Usman Shahid

u.manshahid@gmail.com · +971-52-932-8265 · github.com/codemug · linkedin.com/in/u-manshahid

Open to relocation: EU / UK / Ireland / Netherlands / Germany — visa sponsorship required. Currently Dubai (GMT+4).

Download PDF

Summary

Staff Site Reliability Engineer and Technical Lead with 11+ years scaling resilient, cost-effective cloud infrastructure for high-traffic services. Currently running a self-service AI Agent Platform with Model Context Protocol (MCP) tool-calling, multi-agent orchestration, and human-in-the-loop (HITL) approval flows — ~200K requests/day, ~800 registered tools, ~60 production agents — bridging classic SRE discipline with the agentic-AI era. Track record: 40% EKS cost reduction via Karpenter / ARM / Spot / VPA, 99.99% uptime consolidating 12 API gateways to Kong at ~10k RPS, 300+ microservices migrated to EKS. Polyglot — production Go, Python, Java, and C#. Daily AI-tooling user (Claude, Cursor, Copilot, Gemini).

Work Experience

Staff Site Reliability Engineer · Careem

Jan 2023 — Present

Technical Lead and SRE Architect mentoring a team focused on infrastructure provisioning and developer experience.

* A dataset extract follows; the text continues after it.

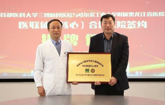 黑龍江省醫(yī)院黨委書記劉宏石、副院長(zhǎng)陳鵬,首都醫(yī)科大學(xué)三博腦科醫(yī)院院長(zhǎng)徐向英、黨委書記王保國(guó)、副院長(zhǎng)張宏偉等領(lǐng)導(dǎo)出席,并為牌匾揭牌。黑龍江省醫(yī)院神經(jīng)外二科程化坤主任、護(hù)理部冷菲菲主任及三博腦科醫(yī)院相關(guān)科室負(fù)責(zé)人等參加了本次簽約揭牌儀式。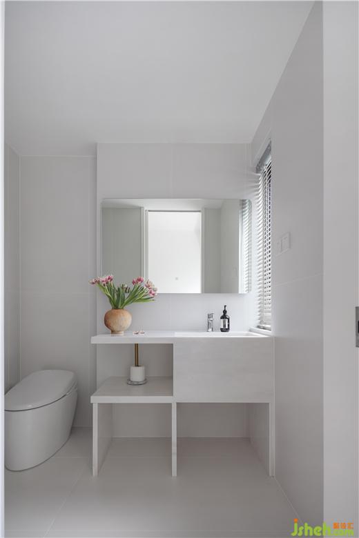设计师深度考量居住者的使用体验,私宅设计在初始空间布局上构建L型洗手间,为身体创造更加舒适的尺度。通体的白延续空间主旋律,为居住者营造清新纯净的沐浴环境。

  • Designed and built a self-service AI Agent Platform with MCP tool-calling, multi-agent orchestration, and HITL approval flows for internal infrastructure-support workflows — ~200K req/day, ~800 registered tools, ~60 agents in production. Engineering teams contribute their own tools and agents.
  • Slashed EKS cluster costs by 40% via resource-optimization program — Karpenter consolidation, migration to ARM & Spot nodes, VPA, and custom scheduling (FinOps at scale).
  • Consolidated 12 legacy API gateways (~10k RPS) onto a single Kong gateway with 99.99% uptime during cutover; built a GitOps-driven bespoke control plane for API route management.
  • Designed and deployed a fully automated cloud-resource provisioning platform with GitOps (Terraform + Terragrunt) — provisioning time for new services from days to minutes.

Senior Site Reliability Engineer · Careem

Dec 2020 — Jan 2023

Led migration of 300+ microservices from legacy AWS to AWS EKS.

  • Engineered automated provisioning of multiple EKS clusters with Terraform + Terragrunt — repeatable, auditable infrastructure foundation.
  • Provisioned centralized API Gateways using Kong with a GitOps control plane for API route management.
  • Built the observability stack with Prometheus, Thanos, and Grafana — high-cardinality metric storage, SLO dashboards, cost tracking across the EKS fleet.
  • Improved deployment velocity and safety via service mesh (Linkerd) with automated canary rollouts via Flagger.
  • On-call 24×7 on a bi-weekly rotation for the cloud-infrastructure platform.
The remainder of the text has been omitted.